Наш автор отдает предпочтение Расину перед Корнелем и даже, кажется, считает Вольтера более естественным: но он исчерпал все, что можно сказать о французской трагедии в своем рассказе о Корнеле; и все, что он добавляет о Расине и Вольтере, является лишь модификацией тех же общих принципов.
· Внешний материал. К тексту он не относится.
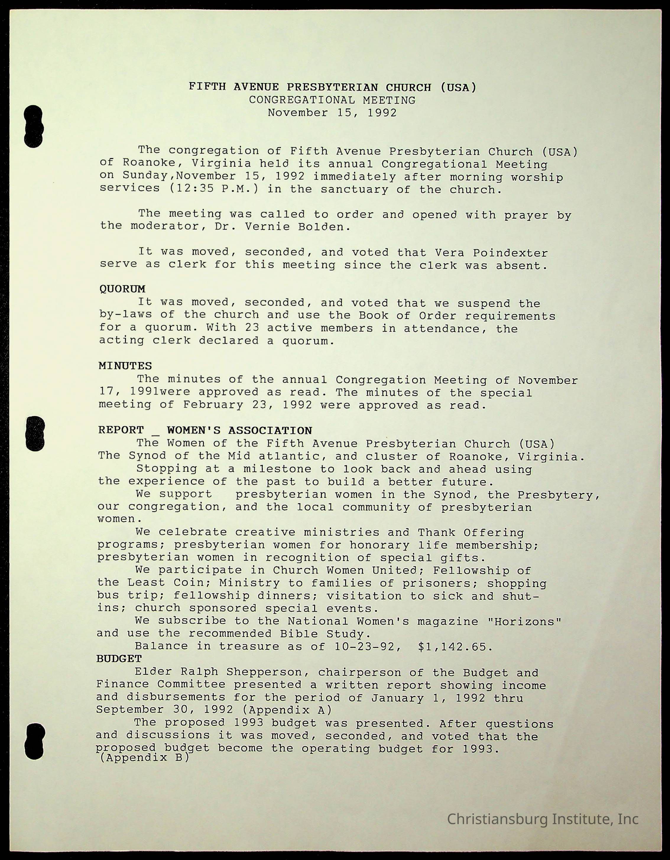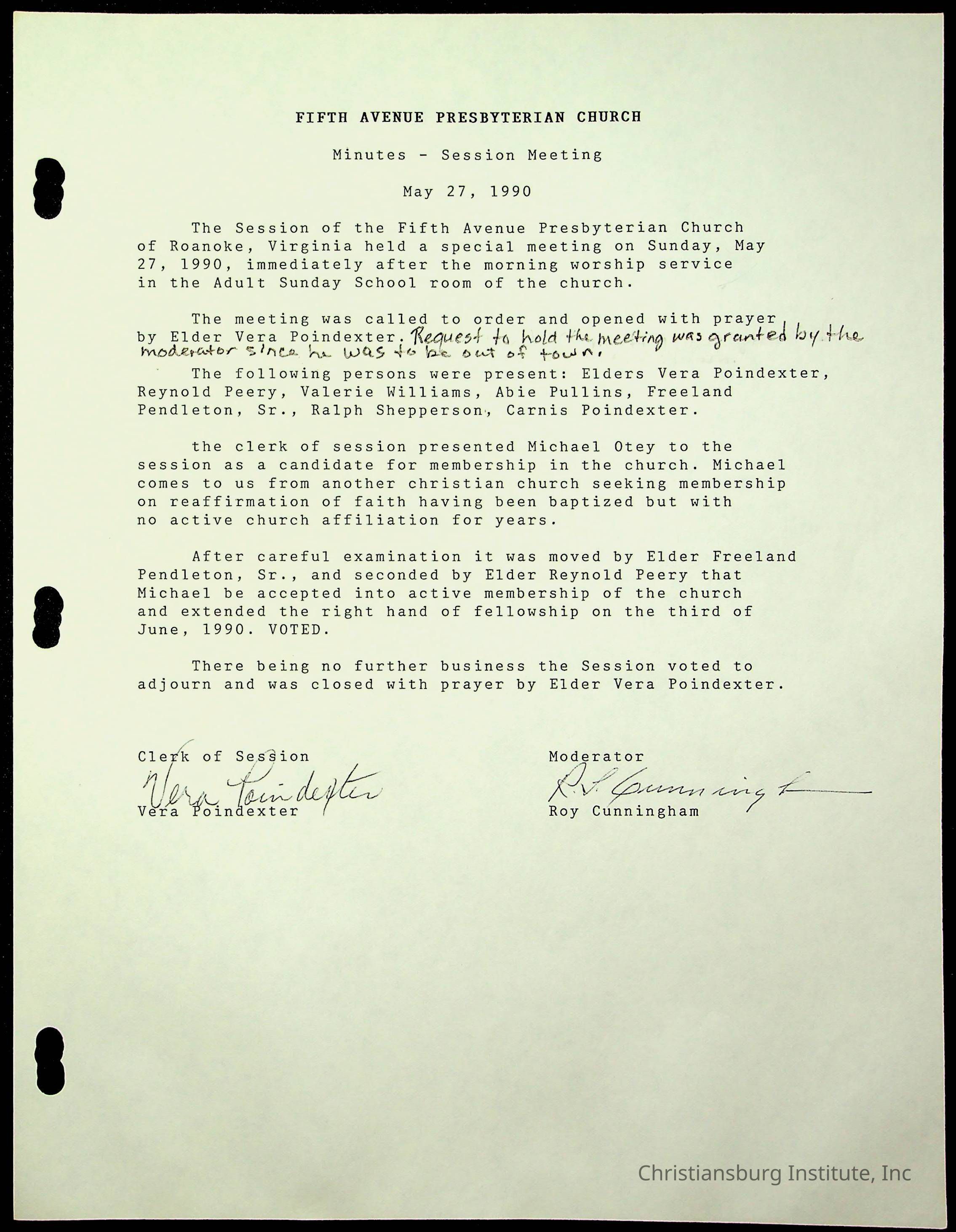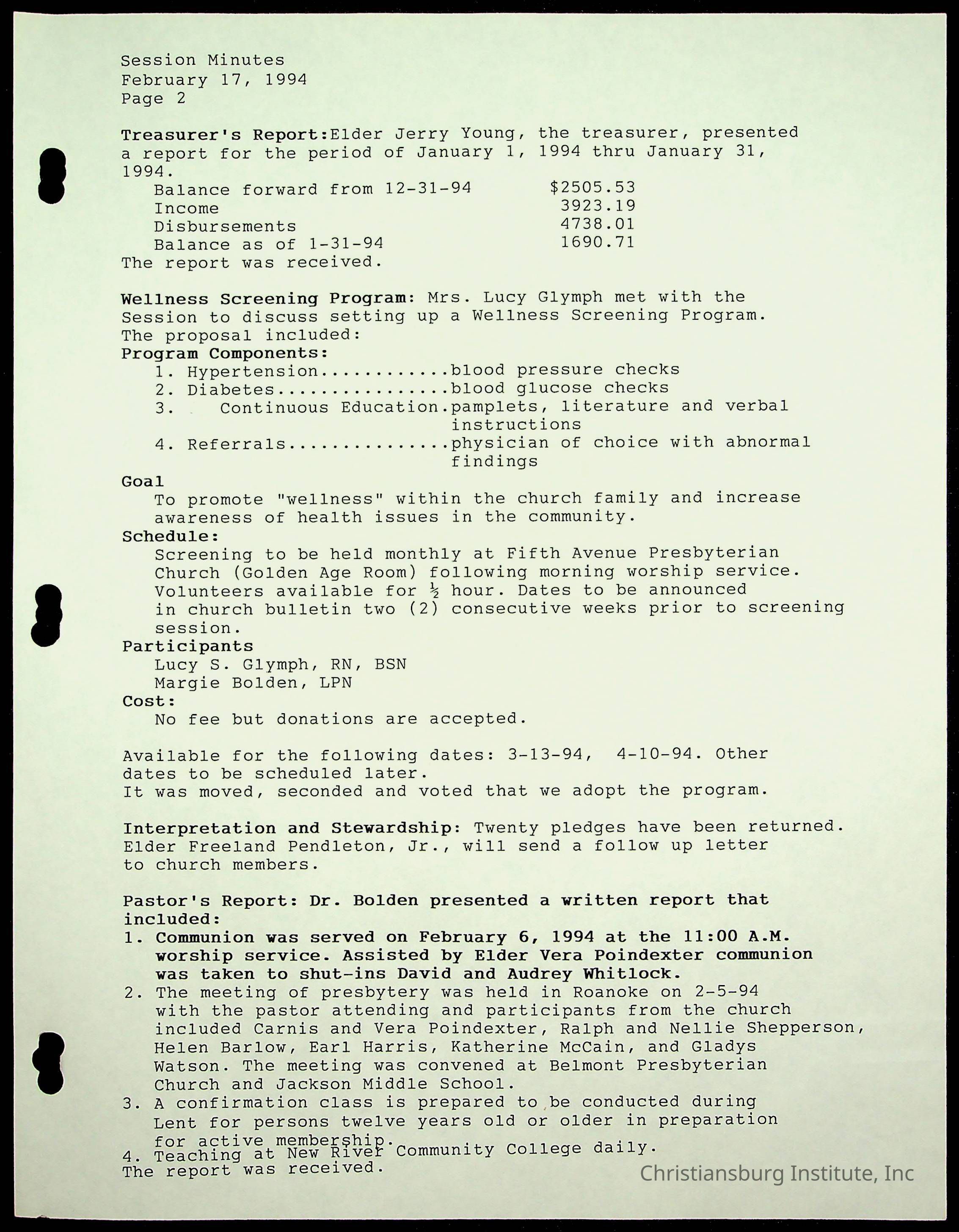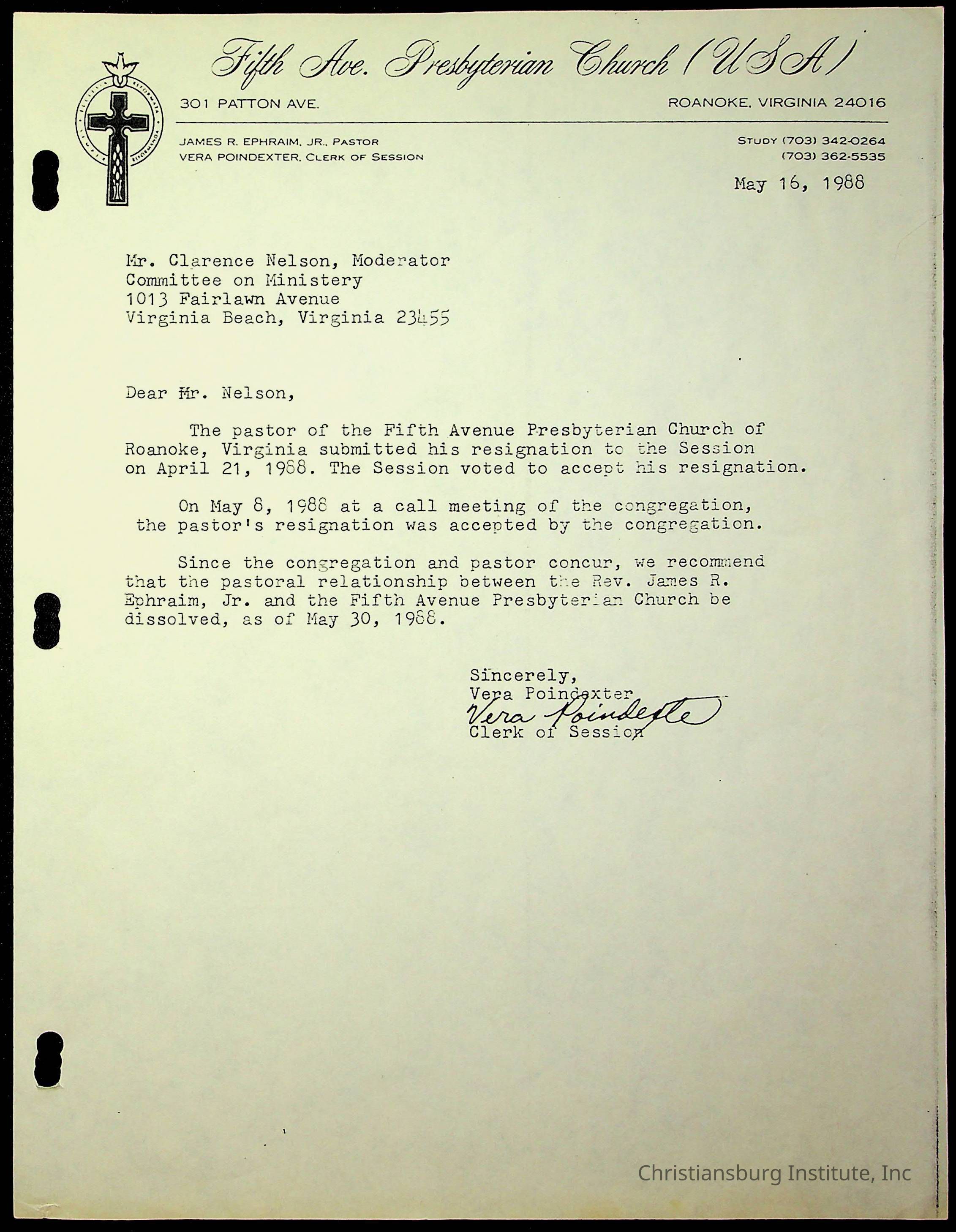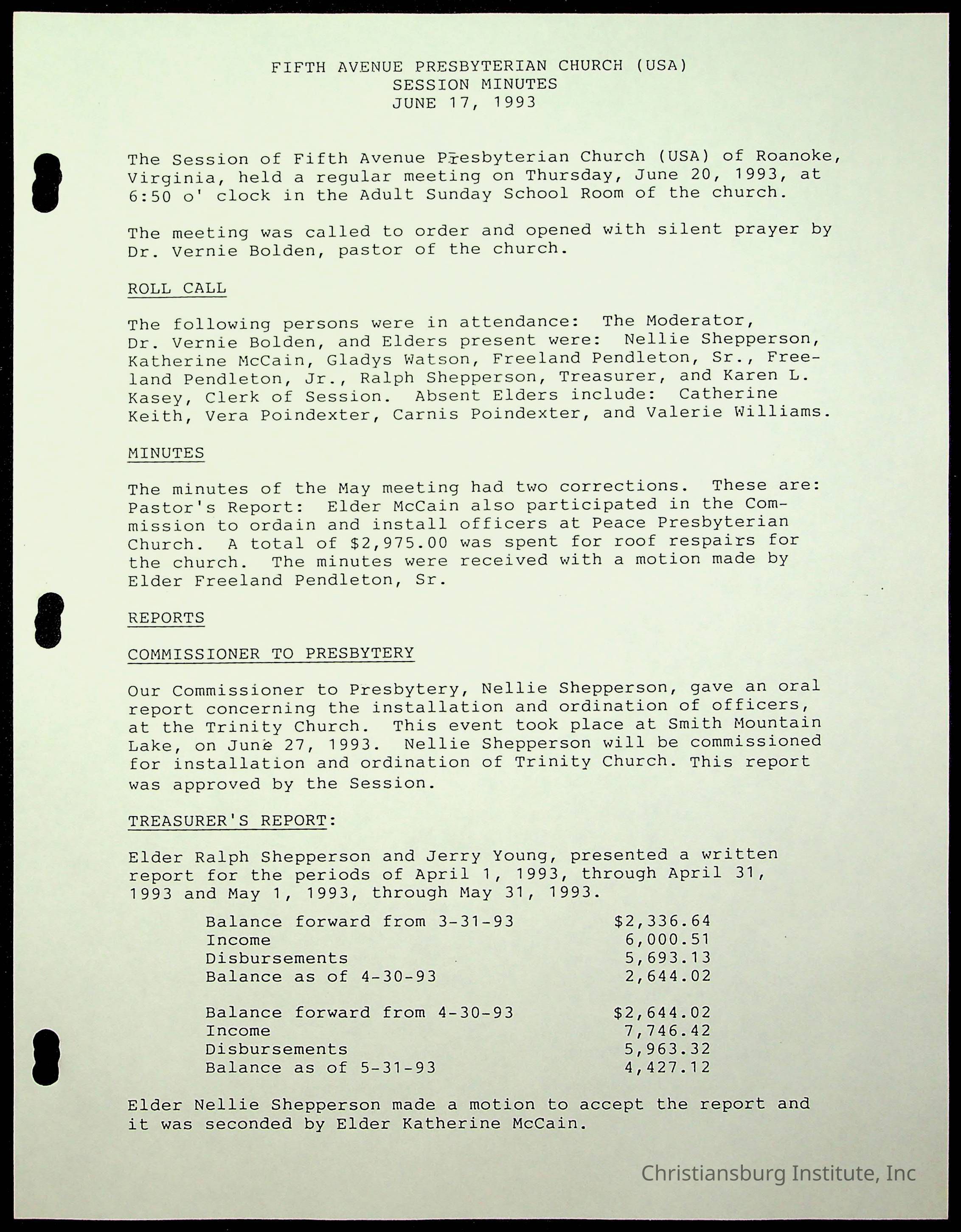 Copyright has been assigned to Christiansburg Institute Museum & Archives by Fifth Avenue Presbyterian Church. For permission to publish materials created by the donor, contact CIMA@christiansburginstitute.com. Materials not created by Fifth Avenue Presbyterian Church may still be under copyright.
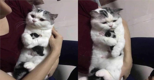 出生沒幾天的小奶貓就要被賣掉,貓媽媽緊緊做出拒絕動作,讓主人感到慚愧
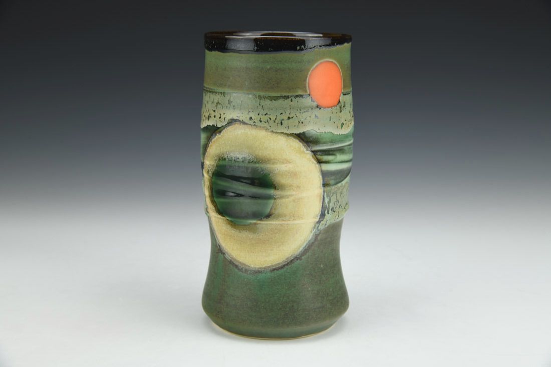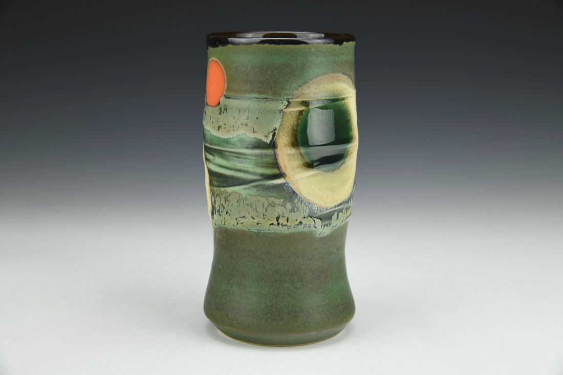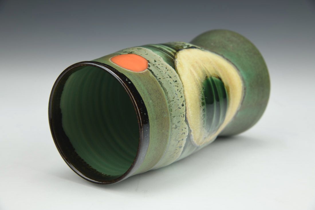 White stoneware, wheel thrown, cone 6 electric fired, 6.25 x 3.25 x 3.25 inches.
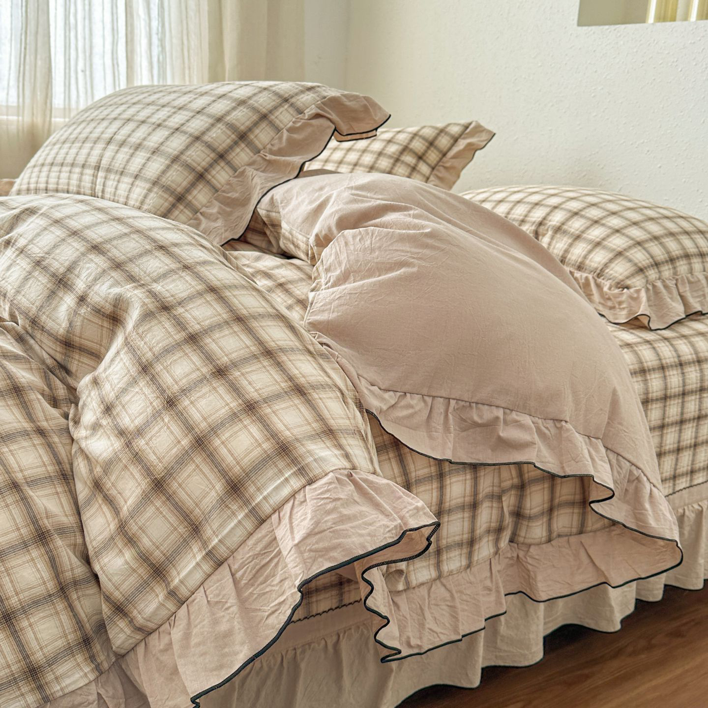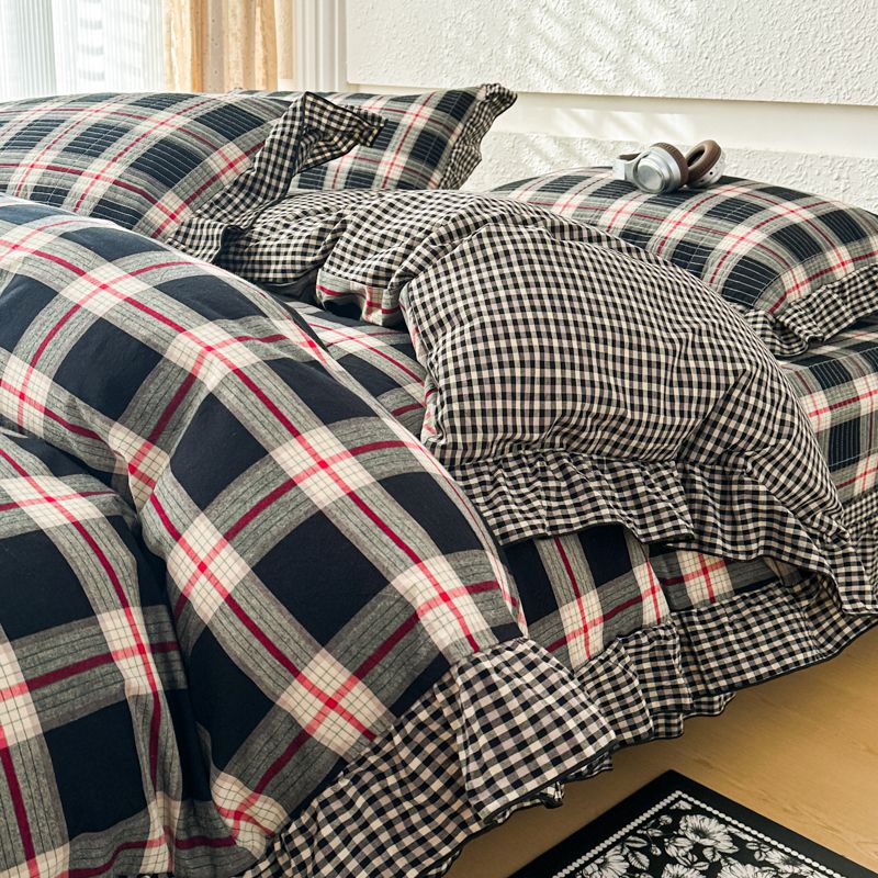 商品名称:暖居 2026新款色织全棉水洗棉填充棉花高温砂洗床盖四件套 英伦格纹
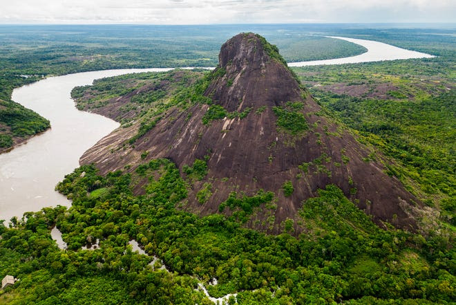 Vista del Cerro Mono Mavicure en la comunidad El Remanso, en el departamento de Guania el 11 de agosto de 2024. Los Cerros Mono Mavicure son un grupo de tres monolitos -Pajarito, Mono y Mavicure de 712, 480 y 170 metros de altura, respectivamente- ubicados en el sureste de Colombia, a 50 km al sur de la ciudad de In’rida.LUIS ACOSTA, AFP Vía Getty Images
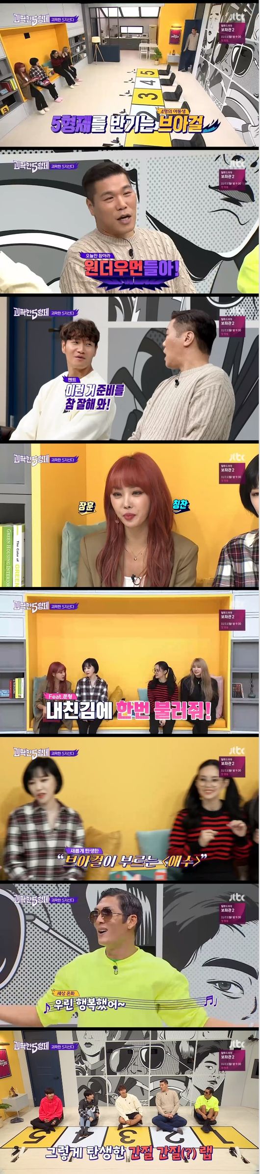 괴팍한 5형제'에 브아걸이 출연, 형제들에게 가요계 선배로서의 후배와 친해질 수 있는 법을 물었다.
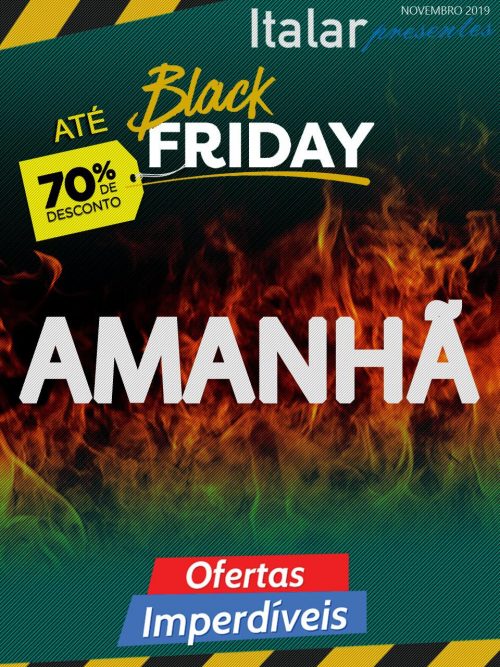 A Italar preparou uma grande promoção no Black Friday para você! Nesta sexta-feira (29), você não pode perder as super ofertas com produtos com até 70%. de descontos. Nas compras acima de R$ 100,00 reais, você ganha um delicioso sanduíche da Subway. A loja funcionará das 08h00 às 18h00. Antes de comprar passe na Italar nesse Black Friday com Promoções imperdíveis !

Он не смог дать общей характеристики ни тому, ни другому, как отличной от основателя французской драматической школы; у Корнеля было больше пышности, у Расина — больше нежности; Вольтер стремился к более сильному эффекту: но существенные качества у всех них одни и те же; стиль всегда французский, так же как и язык, на котором они пишут.

«Часто отмечалось, что во французской трагедии поэт всегда слишком легко проглядывает сквозь речи различных действующих лиц; что он передает им свое собственное присутствие духа, свое хладнокровное размышление об их положении и свое желание блистать при всяком удобном случае. Когда мы внимательно изучаем большинство их трагических монологов, мы обнаружим, что они редко бывают такими, какие произносили бы люди, говорящие или действующие сами по себе, без всякого стеснения; мы обычно обнаружим в них нечто, выдающее более или менее заметную оглядку на зрителя. Риторика, причем риторика в придворном наряде, преобладает слишком сильно во многих французских трагедиях, особенно у Корнеля, вместо внушений благородной, но простой и безыскусной природы: Расин и Вольтер гораздо ближе подошли к истинному пониманию ума, увлеченного своими страданиями. Всякий раз, когда трагический герой способен выразить свою боль в антитезах и остроумных аллюзиях, мы можем смело обойтись без сострадания. Этот род условного достоинства — своего рода панцирь, не дающий удару достичь внутренних органов. Из-за того, что они сохраняют эту праздничную пышность в ситуациях, где было бы естественно полное самозабвение, Шиллер довольно остроумно сравнил героев французской трагедии с королями на старых гравюрах, которые изображены лежащими в постели в мантии, короне и со скипетром». с. 373 и сл.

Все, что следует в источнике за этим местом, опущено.